# Schwinn Fleet 24”



## Driftpr (May 2, 2018)

*Here’s my Schwinn Fleet 24 Inch all Original.Any 24 Inch fans out there let’s see*


----------



## schwinnbikebobb (May 2, 2018)

My 65 American, now has a front rack too.


----------



## REC (May 2, 2018)

I like the 24" ones too, and have a few in the group. Several of them are accompanied by the 20" and 26" siblings.
 Here's what live with us:
'52 Juvenile (DX) Ballooner - 3 Sizes




'55 Flying Star (3 Sizes)




'59 Tornado Arch-Bar




'60 Corvette 




'61 Tornado (3 sizes)




62 Typhoon (3 sizes)




'64 Fleet (3 sizes)




'65 American (3 sizes)




'65 Fiesta




The red Typhoon I had as my first ever bike was of the 24" variety, and these are a reminder to me of that bike. They're all  hoot to ride. Takes me back about 55 or so years to the first one I had.

REC


----------



## Driftpr (May 2, 2018)

Very nice collection there. I had a Schwinn fiesta I sold it not too long ago.


----------



## Driftpr (May 14, 2018)

Any Hornets 24 Inch :eek:


----------



## REC (May 15, 2018)

Driftpr said:


> Any Hornets 24 Inch :eek:




The 24" Hornet was not the same tube configuration as the 26". I have a 24" frame on the wall here that I have not had the time to do anything with yet.
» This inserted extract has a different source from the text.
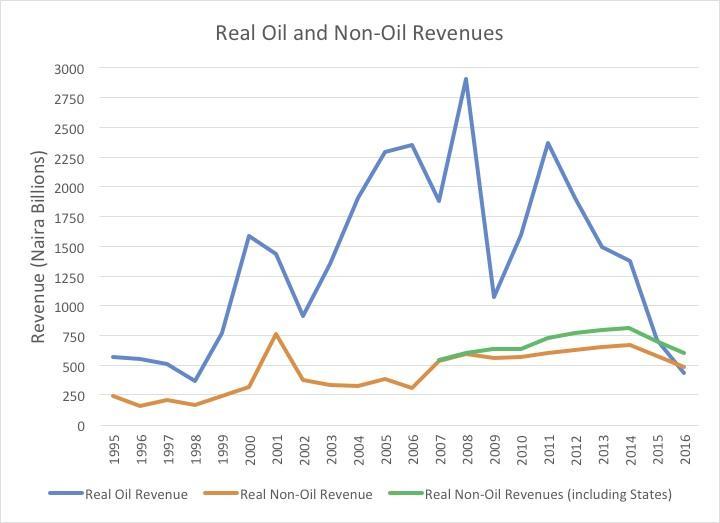 This way of laying out the figures shows us that the real values have a much smaller upward trend between 1995 and 2016. In other words, the gains of increased tax effort by the Federal Inland Revenue Service (FIRS) and other agencies in collecting more revenue and enlarging the tax base, were undermined by negative factors including inflation, and possibly also currency movements and recession. Not only did oil revenues earned in dollars fall, but the dollars converted to ever-more Naira. Further, non-oil tax revenue moved similarly with the commodity price booms. So as oil revenues dropped, non-oil revenue increases just about held the line, but weren’t able to turn public finances around on their own.

One day in the future....



This frame was used for the 24" Hornet and also for the 24" Spitfire model - Not a "straightbar" as the 26" was. The early 50's 24" Hornets were cantilever frames.
REC
PS: Based on further reading/research, later ones also had canti frames - these were in-between


----------



## Driftpr (Jul 16, 2018)

For sale


----------



## Driftpr (Aug 7, 2018)




----------



## Phattiremike (Aug 9, 2018)

Another fleet, black and white, slimline tank, schwinn s light and seat, cool chrome rear rack, it’s a super clean original 24”...


----------



## Driftpr (Aug 9, 2018)

Phattiremike said:


> Another fleet, black and white, slimline tank, schwinn s light and seat, cool chrome rear rack, it’s a super clean original 24”...
> 
> View attachment 850319
> 
> ...



Great pick amazing in such a nice condition enjoy!!!


----------



## A.S.BOLTNUT (Aug 9, 2018)

Early balloon tire frame


----------



## Driftpr (Sep 7, 2018)

Bump


----------



## Beach Bum III (Jan 19, 2019)

REC said:


> I like the 24" ones too, and have a few in the group. Several of them are accompanied by the 20" and 26" siblings.
> Here's what live with us:
> '52 Juvenile (DX) Ballooner - 3 Sizes
> View attachment 799487
> ...



Man, I dig what you are up to here. The Continental  stem on the Typhoon is a cool, subtle touch. An old kid who knows his Schwinn parts! I'm searching for a 24" frame to do pretty much the same thing. Not too many of them kicking around the Hawaiian Islands!


----------